Es gebe nach ersten Ergebnissen keine medizinischen Hinweise darauf, dass die Frau aufgrund einer Verletzung durch einen Verkehrsunfall in Lauffen am Neckar gestorben sei, teilte die Polizei mit. Möglich sei dennoch, dass es tatsächlich einen Autounfall gegeben haben könnte. Die tödlichen Verletzungen deuteten auf einen Sturz hin. Dieser sei auch etwa durch Touchieren des Autos durchaus vorstellbar.
In Unterführung angefahren?
Die 56 Jahre alte Frau war am Dienstag zu einem Arbeitstermin unterwegs gewesen. Sie stellte ihr Auto an einem Drogeriemarkt ab und hatte noch einen 500 Meter weiten Weg bis zu ihrer Zieladresse. Die Frau ging zu Fuß durch eine Bahnunterführung, die nur für Autos bestimmt ist. Hier sei sie von einem Wagen angefahren worden und hingefallen, soll sie später gegenüber den Anwesenden beim Termin berichtet haben. Das Auto sei ohne anzuhalten weitergefahren.

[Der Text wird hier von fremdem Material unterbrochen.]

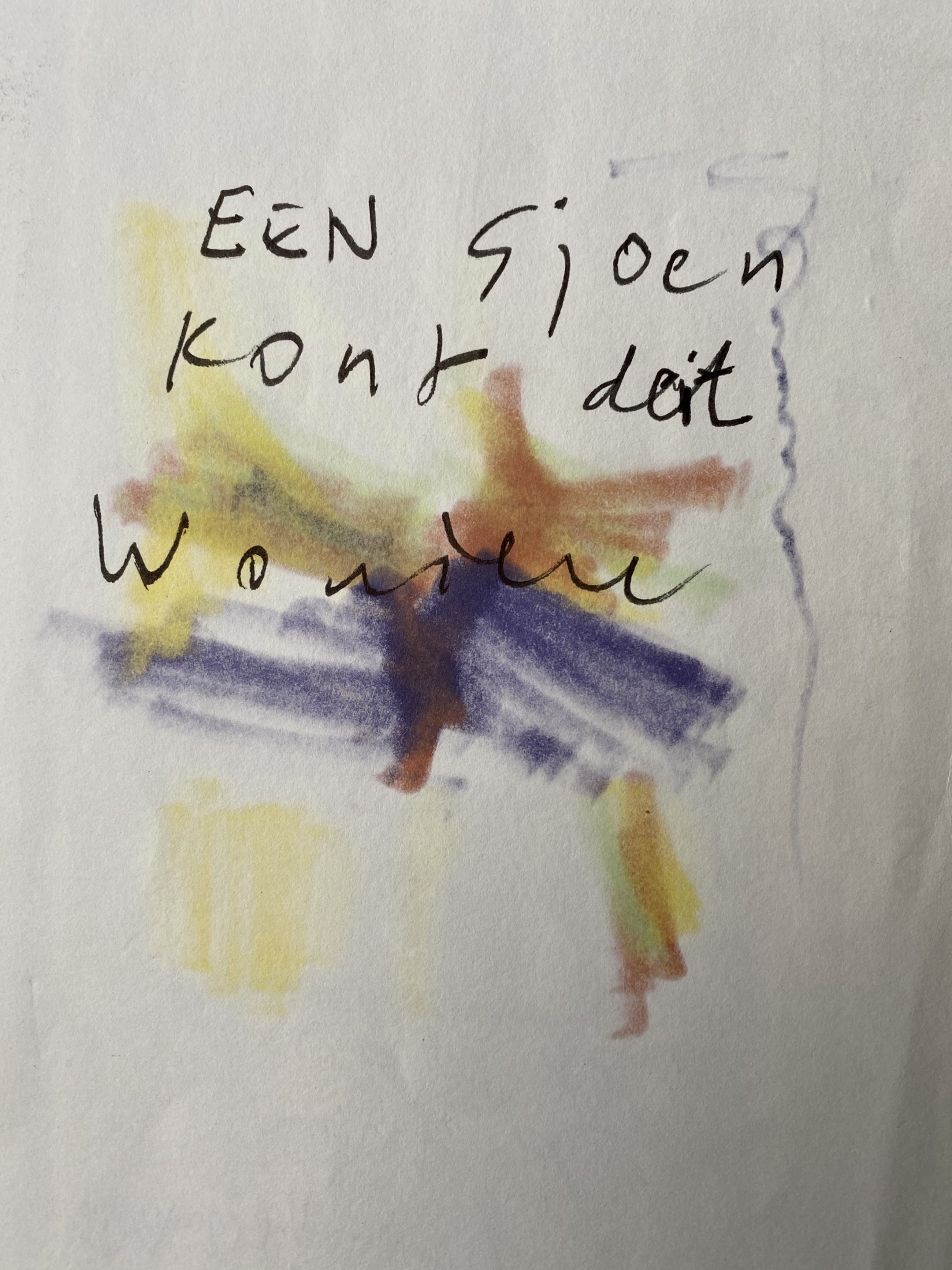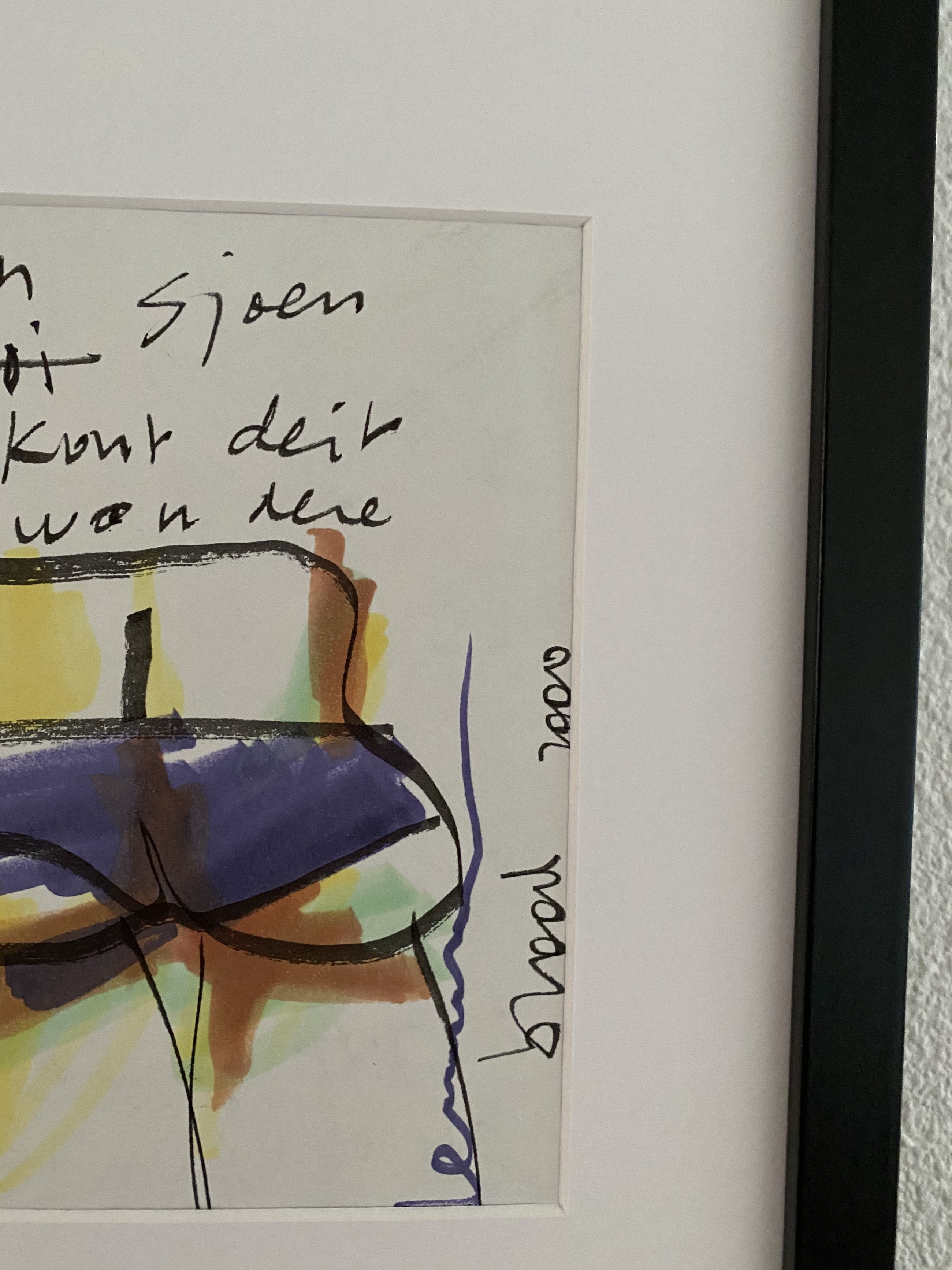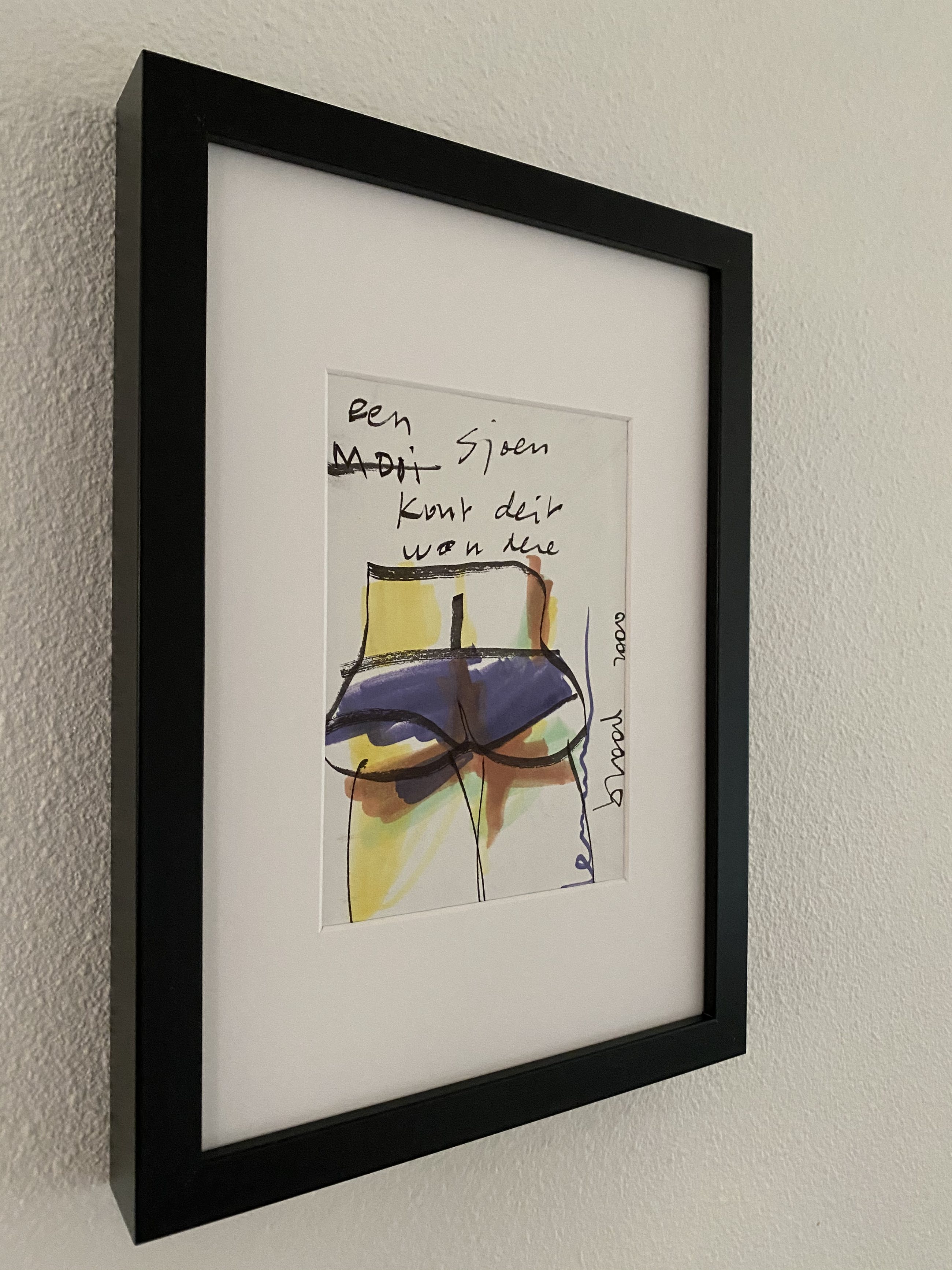 Getekend door Herman Brood in de periode dat hij in Limburg (Maastricht) verbleef. Vandaar de Limburgse tekst “ een sjoen kont deit wondere”, een mooie kont doet wonderen. De tekening zit in een eenvoudige maar prima/nieuwe lijst.

Die Frau habe berichtet, dass sie nach dem mutmaßlichen Unfall aufgestanden, weitergegangen und ein zweites Mal gestürzt sei. Hierbei halfen ihr zwei Passanten auf, die bis heute nicht identifiziert werden konnten. Diese begleiteten sie schließlich zu ihrem Termin. Dort lehnte die Frau jegliche Hilfe ab. Anschließend fuhr sie mit einem Taxi nach Hause, anstatt ihr eigenes Auto zu nehmen.
Die Frau wurde am nächsten Tag von einem Angehörigen tot in ihrer Wohnung in Brackenheim (Kreis Heilbronn) gefunden. Die Polizei sucht weiterhin nach Zeugen.